I'd say your strengths lie in expressions and communicating character. I do encourage you to work on it more since it's such a good quality to have, because it makes any artwork gripping.

What you should improve on, I'd say shading and backgrounds are ones that stand out. Your shading seems to be a bit all over the place, and I can see you want to try more complex lighting situations, but don't really know how to. I think learning some theoretical basis of lighting will help you a lot in elevating your characters and getting those dramatic shots.

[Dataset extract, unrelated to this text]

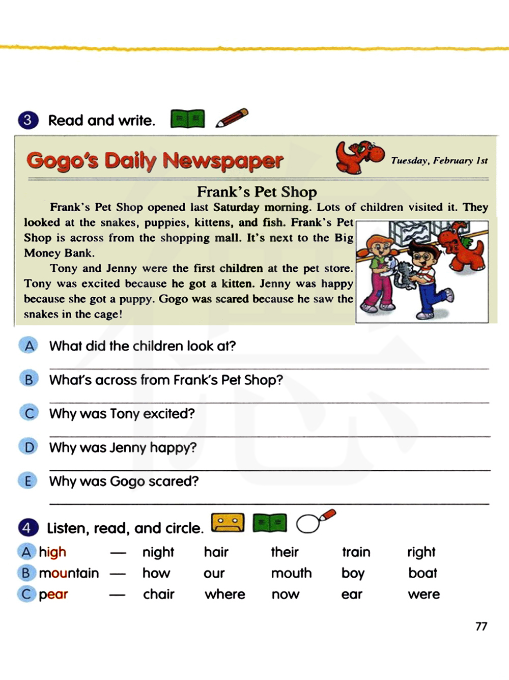 托尼和詹妮是第一批进入宠物商店的孩子。托尼很兴奋,因为他看到了一只小猫。詹妮很开心,因为她看到了一只小狗。戈高很害怕,因为他看见了笼子里的蛇!
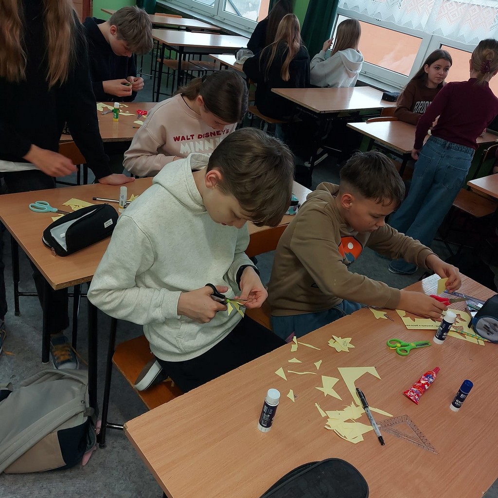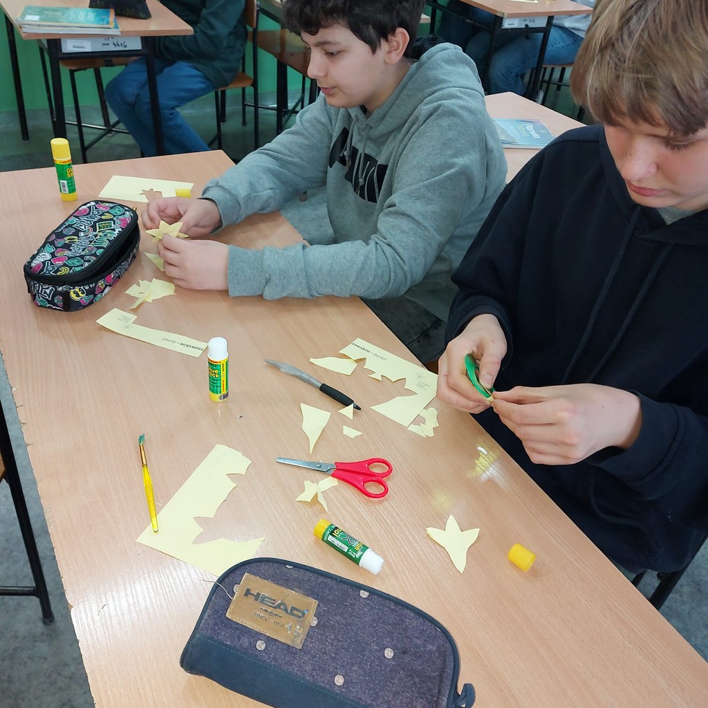 Klasy 5c, 6a oraz 6b podczas lekcji historii z panią Magdaleną Tokarz przygotowały piękne papierowe żonkile. Uczniowie z dużym zaangażowaniem wykonywali swoje prace, poznając jednocześnie znaczenie tej wyjątkowej akcji, której hasłem jest „Łączy nas pamięć”

Then for backgrounds. It's clear you prefer drawing characters and backgrounds are a bit of a struggle, thrown in when you really need them for a scene. In my personal opinion work without a background can be fine, but a good background can help a piece enormously. Characters interacting with something in their environment will always be more interesting than them doing nothing (the girl with the skeleton piece is a good example of this). So try to work on the backgrounds as an active part of the piece, something that deserves the same love and attention to detail as the characters do.

Hope this helps!

3

u/SaintLint 2d ago

Proper cell shading. You have talent!

2

u/EssayCompetitive1417 1d ago

I absolutely love the colour contrasts and the way you use colour theory. The shading and highlights are really pretty too. I think you need to work a bit more on hands and anatomy in general. And the poses and dynamics are absolutely amazing!

1

u/localanti 1d ago

The ears are the wrong shape.

1

u/EssayCompetitive1417 1d ago

I think they are elves but I‘m not sure

1

u/mnl_cntn 1d ago

Rendering is incomplete in these.

Outside of that, I think some of your compositions are great but others are really struggling. I recommend studying movie stills for the everyday scenes and posters or comics for the more stylized single figure images.

1

u/weth1l Digital 1d ago

You have strong instincts when it comes to appeal. You really need to work on form next: get back to still life drawings of the basic forms for a while, spheres, cylinders, cubes, etc. You're not a beginner, but you're missing that fundamental, which is why a lot of your pieces feel 2D even when you have these fun, ambitious perspectives. This is by far the biggest weakness I see in your works right now, and it's something that would go a very long way with not a whole lot of studying once you start to get it. Once you understand how to rotate the basic forms in a 3D space and render them, building up the human body, or animals, or props, or background elements all becomes a lot easier because the basic forms are what you break anything complex down into, so it's important.

I'd also recommend working on clothing specifically once you have basic forms under your belt: rendering out the forms of clothing folds.